Investor 'The Big Short' Michael Burry Sebut Saham Tesla Bakal Tersungkur
New York - Investor Michael Burry perkiraan saham Tesla akan turun sama dengan pasar perusahaan Amerika Serikat dalam buku The Big Short kayra Michael Lewis.
"Jadi, Big Short paling akhir saya bertambah lebih besar dan besar, semakin besar ," upload Burry di Twitter pada Kamis, 7 Januari 2021, seperti dikutip dari Business Insider, Sabtu (9/1/2021).
Situs Slot Online Harga saham Tesla kuat delapan % pada Kamis, 7 Januari 2021. Peningkatan saham Tesla menambah kapitalisasi pasar seputar USD 60 miliar.
"Sama dengan 1GM, 2 Hersheys, 3 Etsys, 4 Dominos, 10 Vornados. Cicipi sepanjang itu berjalan," tutur Pendiri Scion Asset Management.

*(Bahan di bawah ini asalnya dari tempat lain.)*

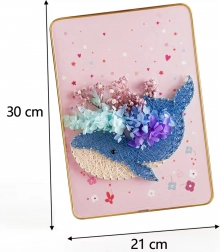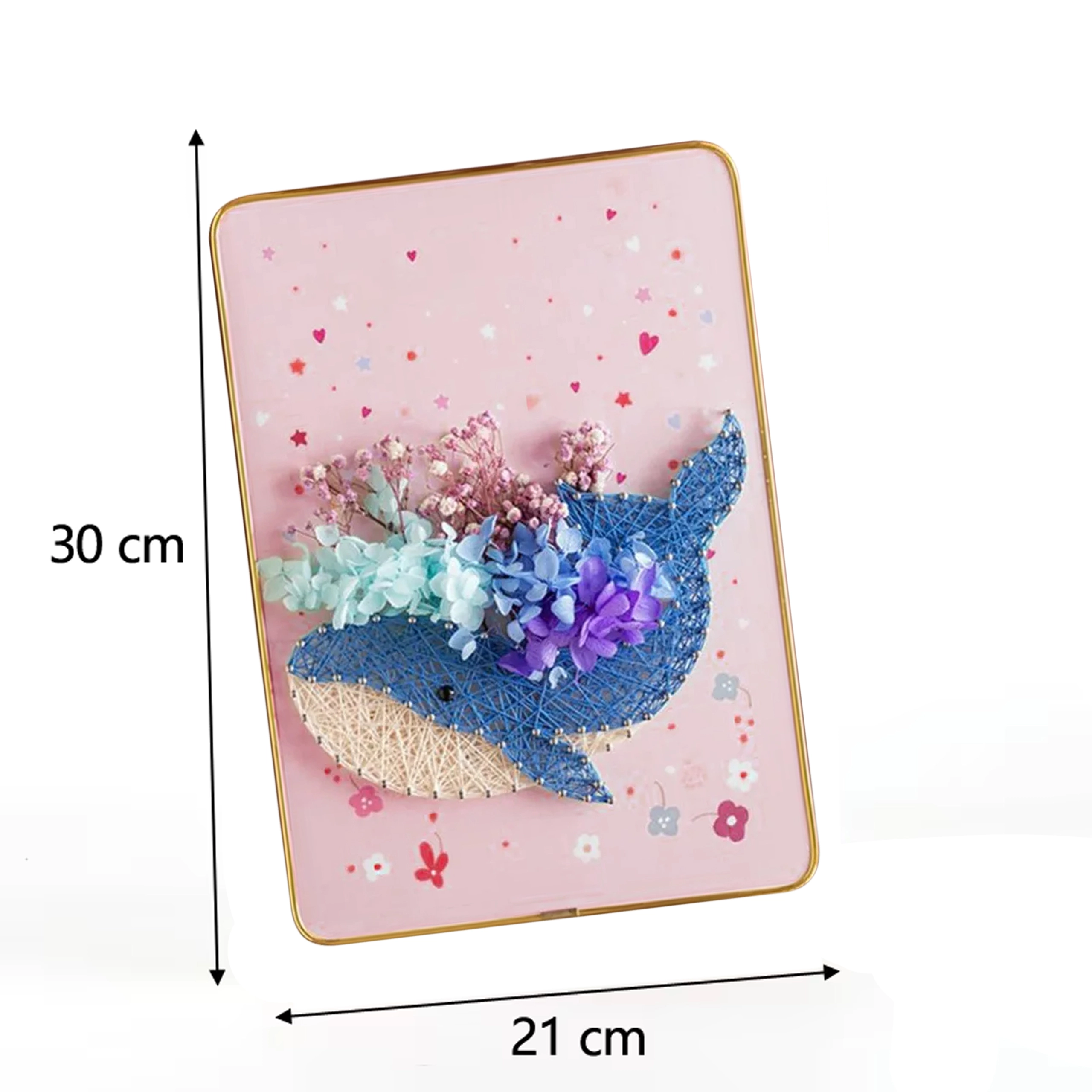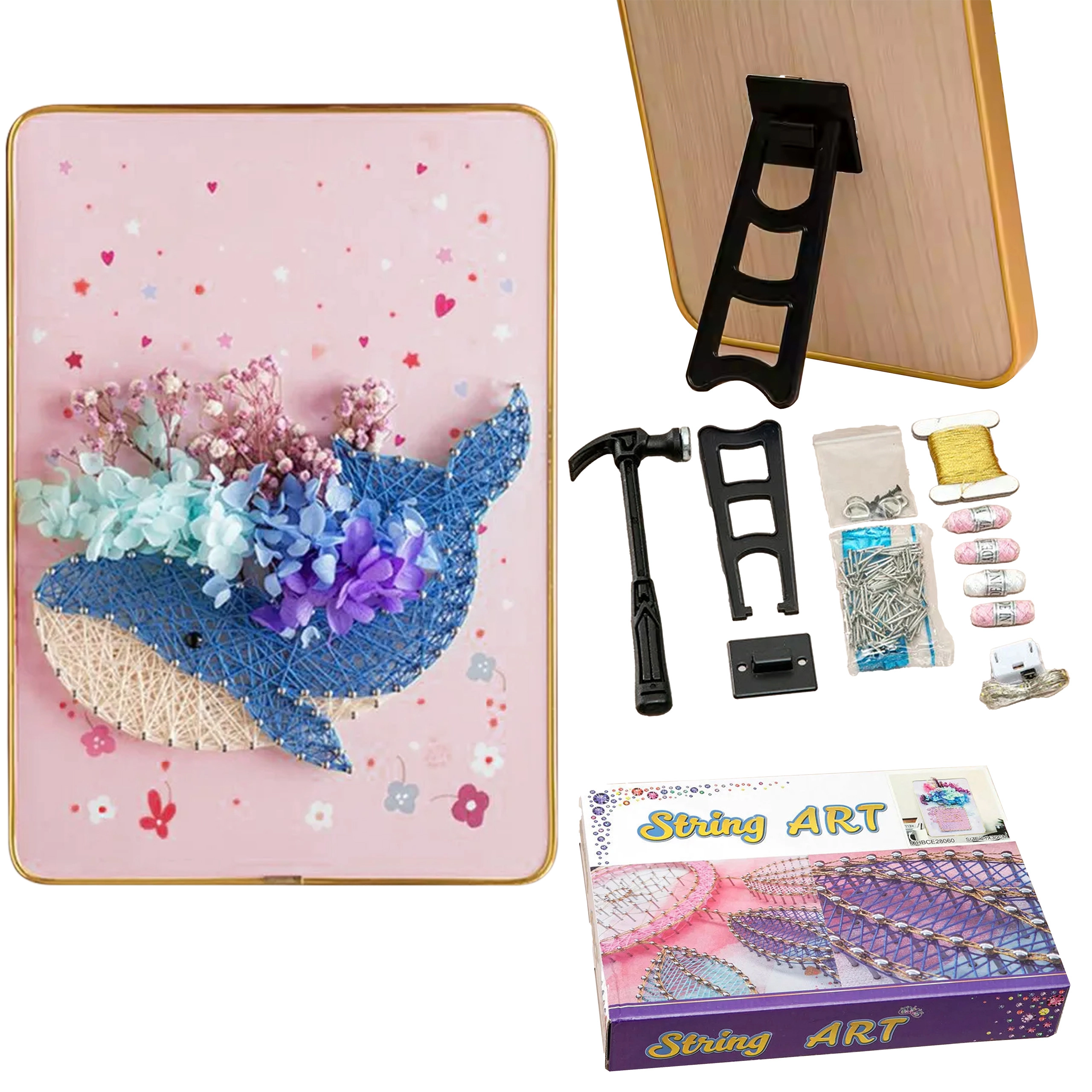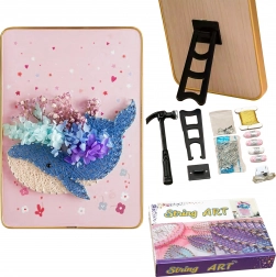 Objevte zábavnou „sztuku nití“ pro děti i dospělé. Tato kreativní sada string art obsahuje vše potřebné k vytvoření dekorativního obrázku v rámu 21 × 30 cm s motivem delfína. Díky integrovaným LED světýlkům získá vaše dílo kouzelnou atmosféru. Skvělý dárek, který rozvíjí kreativitu, představivost a jemnou motoriku.
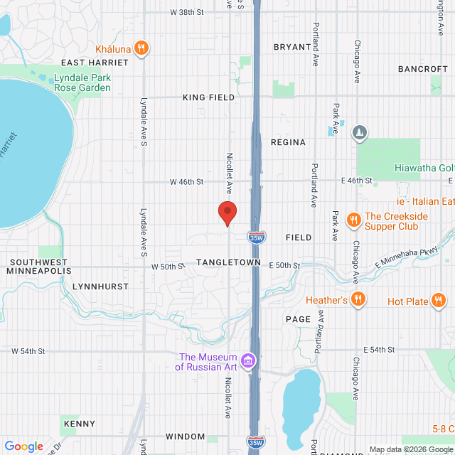 Southwest corner of Nicollet Avenue and 48th Street in South Minneapolis, in the brownstone building at the southernmost entrance. Our clinic is at street level with step-free access.
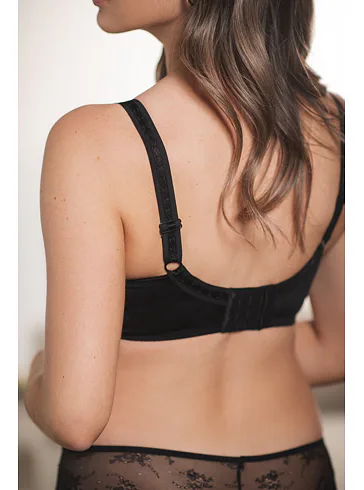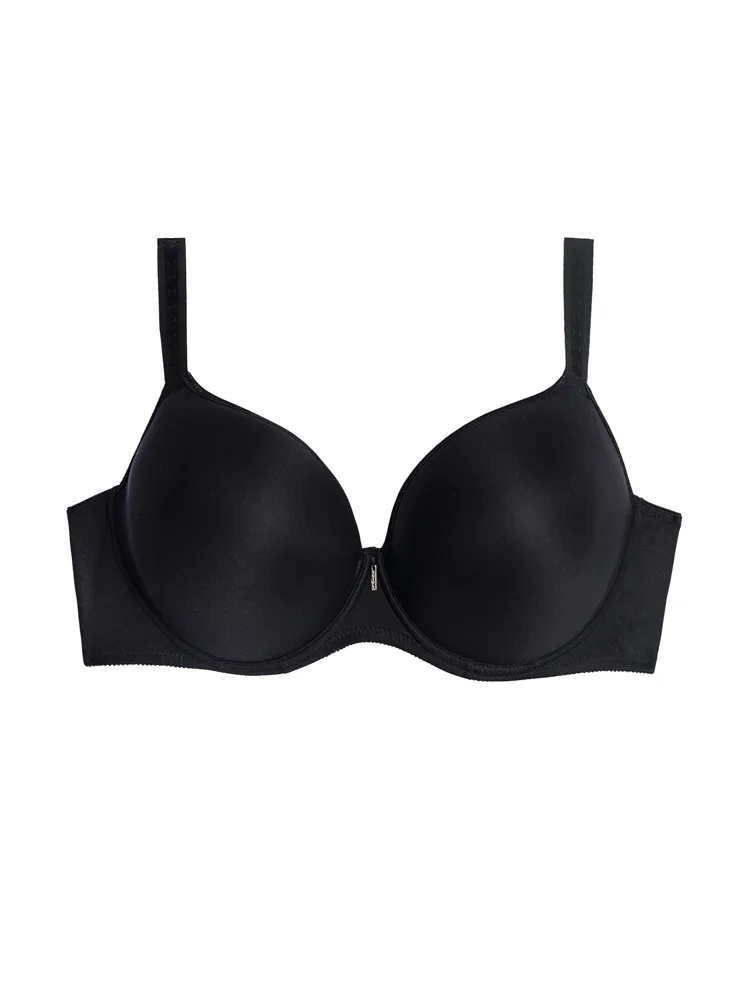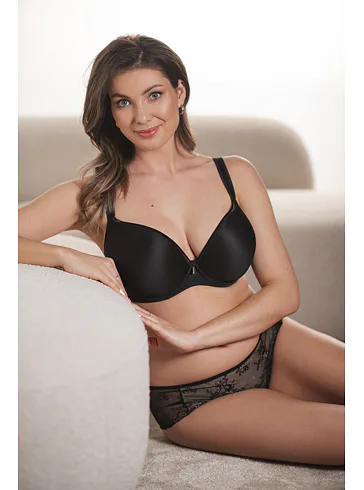 Čierna podprsenka zafixuje poprsie na strede a vykúzli neodolateľný dekolt. Všité kostice poskytujú potrebnú oporu a nijako neobmedzujú v pohybe. Samozrejmosťou sú pohodlné nastaviteľné ramienka a pevný obvod. Hladké koše sa nerysujú pod oblečením. Skvelá voľba na každodenné nosenie.
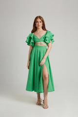 - Model is: 173cm, Waist: 63cm, Hips: 90cm and is wearing a size X-small
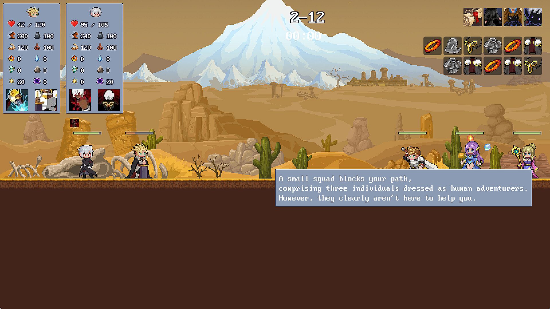 Each of the 5 available characters has 2 initial skills and 6 enhancement skills; choose suitable ones to further boost your power.

Burry mengutarakan, dianya lakukan short selling saham Tesla pada Desember, dan minta CEO Tesla Elon Musk untuk manfaatkan ‘harga konyol' perusahaan kendaraan listriknya dengan mengeluarkan saham. "Jual#TeslaSouffle itu," tutur ia.
Saham Tesla melesat seputar 740 % pada 2020, dan sudah naik 16 % pada 2021.
Hal itu membuat kapitalisasi pasar Tesla semakin besar dari Facebook dan jadikan Elon Musk orang paling kaya di dunia.
Burry sempat dilawan saat memperkirakan gelembung perumahan akan meledak dan mulai hentikan credit-default swap pada obligasi suprime-mortgage pada Mei 2005. Dia melalui desakan besar dari investor untuk kembalikan uang mereka.
Gelombang standar hipotek pada akhirnya mendesak pasar perumahan pada 2007. Burry secara individu mengantongi USD 100 juta, dan hasilkan USD 750 juta untuk investornya.